What Explains the Tension Between Taiwan and China?

The road from Taiwan’s Taoyuan International Airport to the capital, Taipei, looks like the sort of highway you would see anywhere else. However, in Taiwan, things are not always what they seem. Sections of this road double as runways. They aren’t normally used for planes, but they are ready in case Chinese missiles ever destroy the country’s conventional airstrips.

This isn’t the only example of stealth militarization in Taiwan. Cruise missiles stand ready in unmarked trucks. City neighbourhoods hide tanks. There is a hollowed-out mountain with room for on hundred fighter jets. The shoreline boasts an oil-filled pipeline ready to greet invaders with a wall of fire.

Taiwan has good reason to be nervous. China, its hulking neighbour, regularly states its intention to take over Taiwan. If China attacked, it would probably succeed. But Taiwan’s military preparations force China to think hard about just how many Chinese soldiers would die if they tried. Military experts call it a porcupine strategy. So far, it has proved very effective.

China’s claim to Taiwan rests on its control of the island between 1683 and 1895. Before 1683, Taiwan was ruled by its indigenous Malay and Polynesian population. After 1895, China lost the island to the Japanese, who held it until 1945. It was what happened after 1945 that sealed the hatred between Taiwan and the mainland.

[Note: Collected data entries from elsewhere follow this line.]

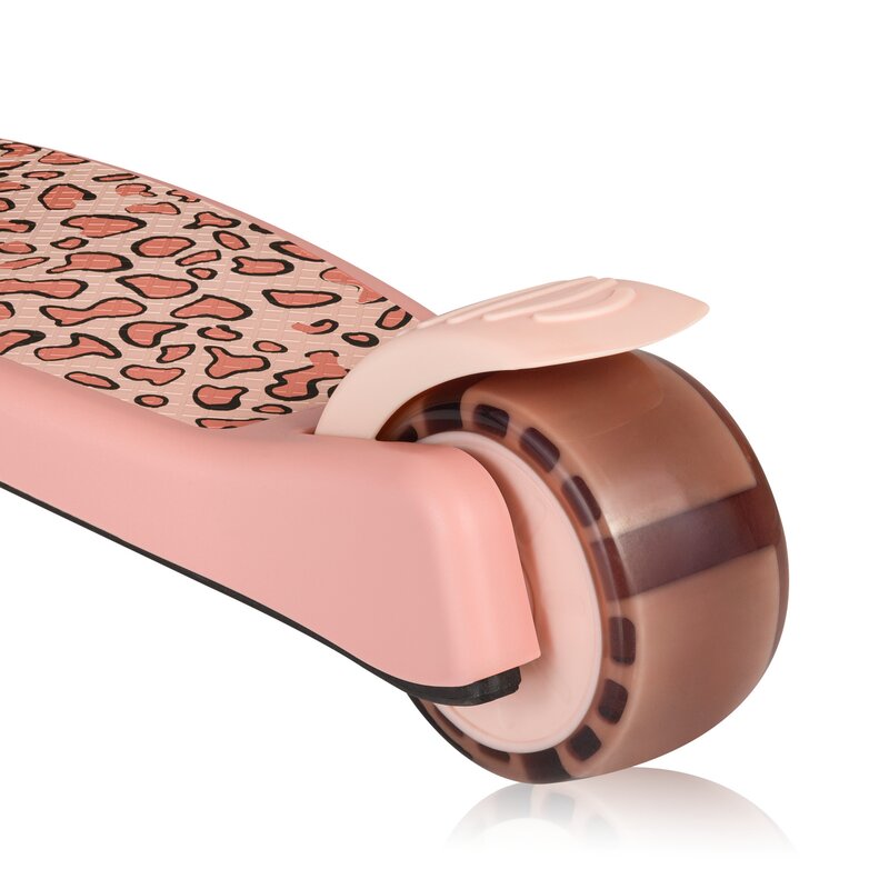 Controlul echilibrului corpului este intuitiv si simplu de invatat pentru copii, permitandu-le sa isi insuseasca rapid echilibrul, prevenind virajele bruste si asigurand o plimbare stabila. Rotile mari imbunatatesc manevrabilitatea si ofera o calitate mai buna a plimbarii. Acestea sunt echipate cu LED-uri colorate activate de miscare, care adauga un plus de distractie in timpul jocului (fara a fi nevoie sa te ingrijorezi de baterii). Cosul montat pe ghidon va tine cele mai importante comori ale micului calator, iar frana profilata, rulmentii fabricati la standardul ABEC-9 si intariturile din fibra de sticla sporesc siguranta. Trotineta poate fi pliata fara a scoate ghidonul - doar apasa un buton si impinge usor. Designul usor al trotinetei o face convenabila pentru transport.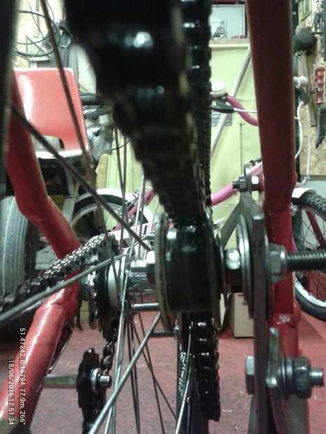 el práctico de costa es estrecha y el marco es amplio, y tener una gran cadena en la parte delantera agrava el problema. la rueda es un rayo del 32, el perno de motores en rueda dentada se diseña para 36 ruedas de rayo, fijar el piñón a la rueda a pesar de la alineación de habla mal no dos difíciles, tho que rápido un par de tornillos, necesitaba a true la rueda un poco después de instalar el piñón en la rueda recién construida (primera rueda iv jamás construido)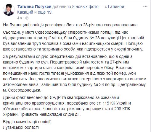 "Сегодня в Северодонецке сотрудниками полиции во время отработки территории города, возле дома № 28 по улице Центральной, был обнаружен труп мужчины с признаками насильственной смерти. Полицией уже установлено и задержано лицо, подозреваемое в совершении преступления", - написала она.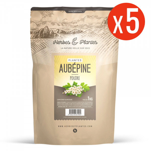 Aubépine sommité fleurie poudre : 2 g (Crataegus laevigata).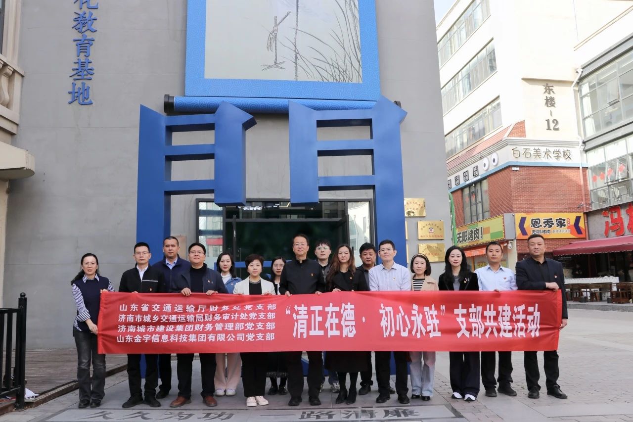 為推進深入貫徹中央八項規定精神學習教育走深走實,強化黨員干部廉潔意識,近日,建設集團財務管理部黨支部、建設集團所屬山東金宇信息科技集團黨支部與山東省交通運輸廳財務處黨支部、濟南市城鄉交通運輸局財務審計處黨支部組織黨員赴“印象濟南·一路清廉”廉潔文化教育基地,開展“清正在德·初心永駐”共建活動。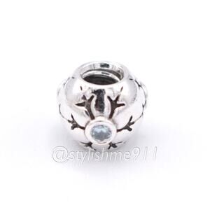 The aquamarine stone embedded in this snowflake charm adds to the appeal of this wintry bead and also represents the March birthstone.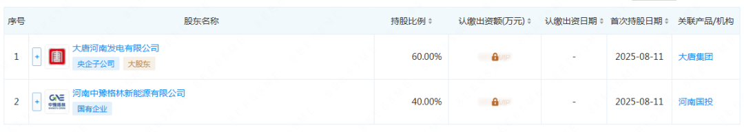 股权穿透图显示,该企业由大唐河南发电有限公司和河南中豫格林新能源有限公司共同持股。其中,大唐河南发电有限公司持股60%。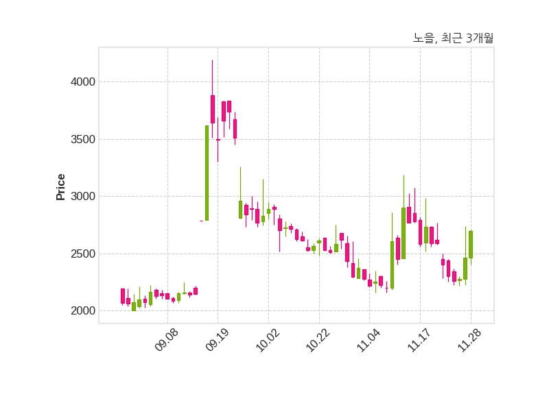 한편, 노을의 12시 47분 현재주가는 2,695원으로 직전 거래일 대비 230원(+9.33%) 상승이며, 거래량은 1,522,991주이다.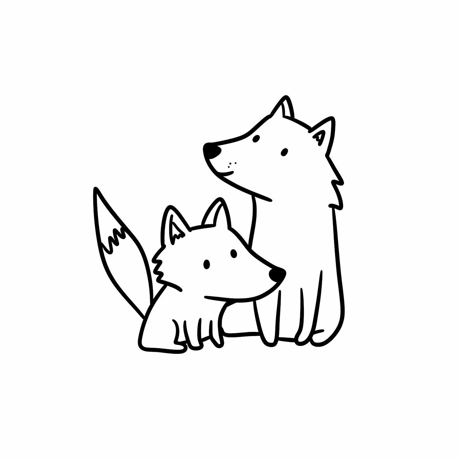 Minimalistic black-and-white illustration of two cartoon foxes, one larger and one smaller, sitting together in a protective pose.
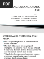 Pantang larang masyarakat asli 1. Pantang larang kepada pengunjung selain pantang larang ini diamalkan oleh kaum orang asli para pengunjung atau tetamu yang berkunjung ke rumah orang asli hendaklah menghormati adat adat dan kepercayaan mereka seperti tidak boleh naik sebelum dipelawa dan dilarang mengunjungi atau memanggil nama tuan rumah yang mempunyai daun daun yang bergantung di hadapan pintu. Zurina ain binti ibrahim nur izzati binti ibrahim nurul fareha binti nizamuddin rabiatul zahidah binti mohd zaidi 2. Semua pantang larang ini perlu dipatuhi untuk kesejahteraan kehidupan mereka.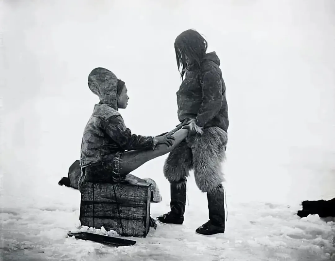 1890年,格陵兰岛,因纽特人正在给妻子暖脚。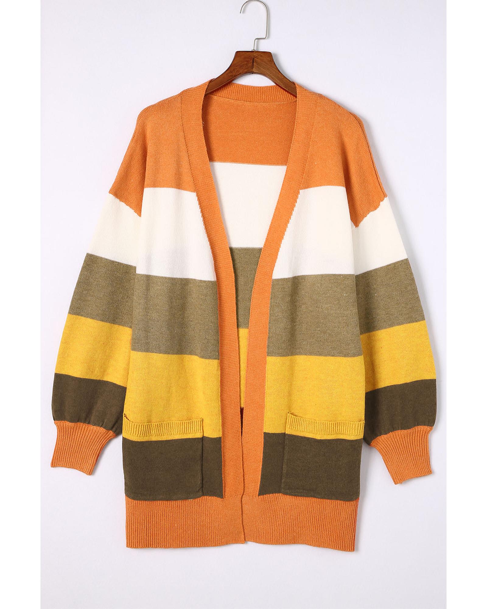 Open Front Pocketed Colorblock Cardigan - XL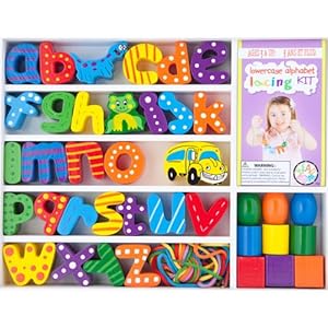 - The alphabet lacing kit for small hands from Bead Bazaar includes large colorful wooden beads, charms and lacing strings

When the Second World War ended that year and Japanese troops left China, the fighting didn’t stop. China was plunged into a civil war between Communists and the party that had ruled the country in the 1920’s and 1930’s: the Guomindang.

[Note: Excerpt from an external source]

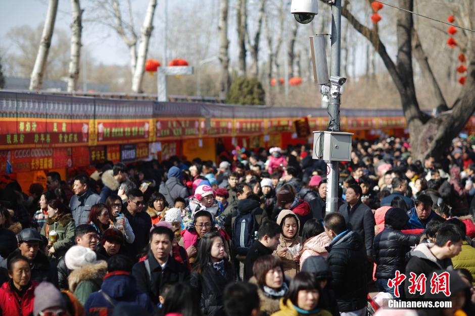 2月22日,北京龙潭公园庙会上熙熙攘攘的人群从摄像头下走过。今年,北京龙潭公园庙会现场安装了27个可以360度旋转的探头(摄像头),以确保市民度过欢乐、安全的春节庙会。 中新社发 盛佳鹏 摄

By 1949, the Guomindang were losing badly. The leadership moved crates full of art treasures and bullion across the water to Taiwan, then fled there themselves, along with one million soldiers. The Guomindang claimed that it was still the legitimate government of all China, and many countries, including the United States, supported their claim. Meanwhile, the victorious Communists under Mao Zedong asserted their right over Taiwan, and vowed to invade, occupy the island, unite China, and destroy their rivals.

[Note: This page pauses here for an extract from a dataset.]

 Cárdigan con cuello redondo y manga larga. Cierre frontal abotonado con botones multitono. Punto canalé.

Neither side has changed its position much since 1949. Taiwan has survived in part because of strong friends, notably the United States, which has consistently backed the government in Taipei. Thousands of Pentagon officials continue to visit Taiwan each year on military business. However, the US has also become more and more friendly to mainland China: its billion-plus consumers make it irresistible to American firms.

China continues to threaten Taiwan with invasion. They perform live-fire drills in the Taiwan strait. But business ties between the two countries are stronger than ever. Tens of thousands of Taiwanese companies operate in China, including Foxconn which makes iPhones in its factories there. War between the two countries is in no one’s interests.

The danger is that China’s government may one day fan the flames of anti-Taiwan nationalism to a point where it can no longer control it. The temptation to do so will increase when China’s hitherto bulletproof economy falters, as it surely will. Nicholas II, the leader of Russia before the First World War, did something similar and then found that popular pressure pushed him into war against his better judgement. More recently, Vladimir Putin has used foreign adventures to maintain his popularity as Russian living standards have stagnated. China’s leaders may one day think of doing the same.

They will, however, think twice. Taiwan’s defenses are formidable.  Popular opinion is fickle and in China it might turn against the government once Taiwanese missiles hit targets on the mainland and Chinese sailors burn to death on torpedoed boats. Considerations like this provide hope that the porcupine will survive for a long while yet.